Teaching Swift

Meadows professor develops courses to help educators teach students how to develop apps

Responding to the rise of young students wanting to learn how to develop apps, Apple Inc. contacted SMU Meadows Visiting Professor Yong Bakos in 2014 and invited him to develop a product that would help educators teach high school students how to master Apple’s Swift programming language. Swift is used to develop apps for the iOS, OS X and watch OS platforms.

Bakos’ course, titled “Teaching App Development with Swift,” launched in June 2015, first debuting on the website GitHub, then made available on Apple’s iTunes U as part of the company’s Apple Education offerings. It reached the number one spot on iTunes U.

At the annual Apple Worldwide Developers Conference in San Francisco in June, Apple CEO Tim Cook noted during his keynote speech that increasing numbers of students as young as 12 and 13 are wanting to learn app development.

To help students reach that goal, Bakos designed the materials for high school teachers, equipping them with lesson plans, presentations and Xcode projects to lead their students through experiential learning. The four-level, 15-week course is modular, allowing teachers to employ various lessons to fit the needs of their particular classroom.

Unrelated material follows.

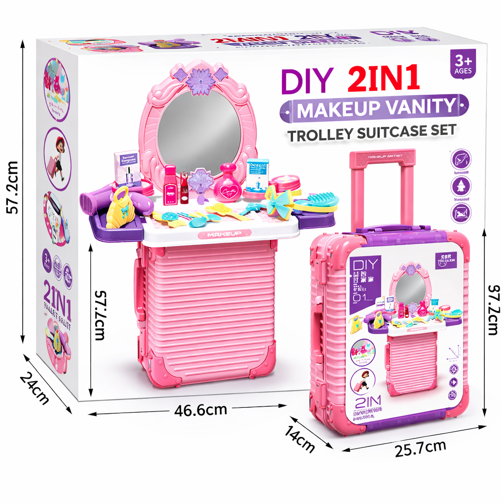 The 2-in-1 DIY Kids Makeup Vanity Trolley Suitcase Set is a multifunctional beauty playset that combines fun, creativity, and convenience. Designed especially for young girls, this stylish suitcase quickly transforms into a fully equipped vanity table with a mirror, allowing children to enjoy realistic pretend makeup sessions.
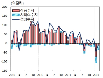 항목별로는 상품수지가 13억달러(1조 7153억 5000만원) 적자, 운송, 여행 등의 증가로 서비스수지가 20억 3000만달러(2조 6785억 8500만원) 적자를 기록했다. 본원소득수지는 배당수입 증가 등으로 31억 2000만달러(4조 1168억 4000만원) 흑자로 나타났다.

The materials are available free of charge.

“Before we developed ‘Teaching App Development with Swift,’” says Bakos, “there were no pragmatic, instructor-facing materials for leading Swift/iOS teaching in the classroom.”

In an article for appleinsider.com, writer Jonathan Lace calls the material a “watershed in high school computer science education” and says the materials “will prevent teachers from having to reinvent the pedagogical wheel” and will “provide standardization in Swift programming instruction, which will benefit the entire development community.”

About Yong Bakos

Bakos is a visiting professor in SMU’s Center of Creative Computation, an interdisciplinary research and teaching center exploring computation as a universal generative medium, integrating creative development, quantitative analysis and interdisciplinary synthesis. He has worked with companies ranging from small startups to Apple. 

With a background in both the arts and software engineering, Bakos pushes the boundaries of cross-disciplinary research and teaching. Hailing from Denver, Colo., Bakos previously served as the assistant department head of the Electrical Engineering and Computer Science Department at the prestigious Colorado School of Mines, where he taught for six years.

A professional software engineer by trade, Bakos studied art theory and practice (B.A., Northwestern University) and software engineering (M.S., Regis University). As an undergraduate in the early nineties, he worked to combine education across the arts and engineering disciplines even when no such program existed. 

A hobby musician with an affinity for keyboards, Bakos has also worked on collaborations in Chicago and Denver as an artist and technologist, combining live code and music performance.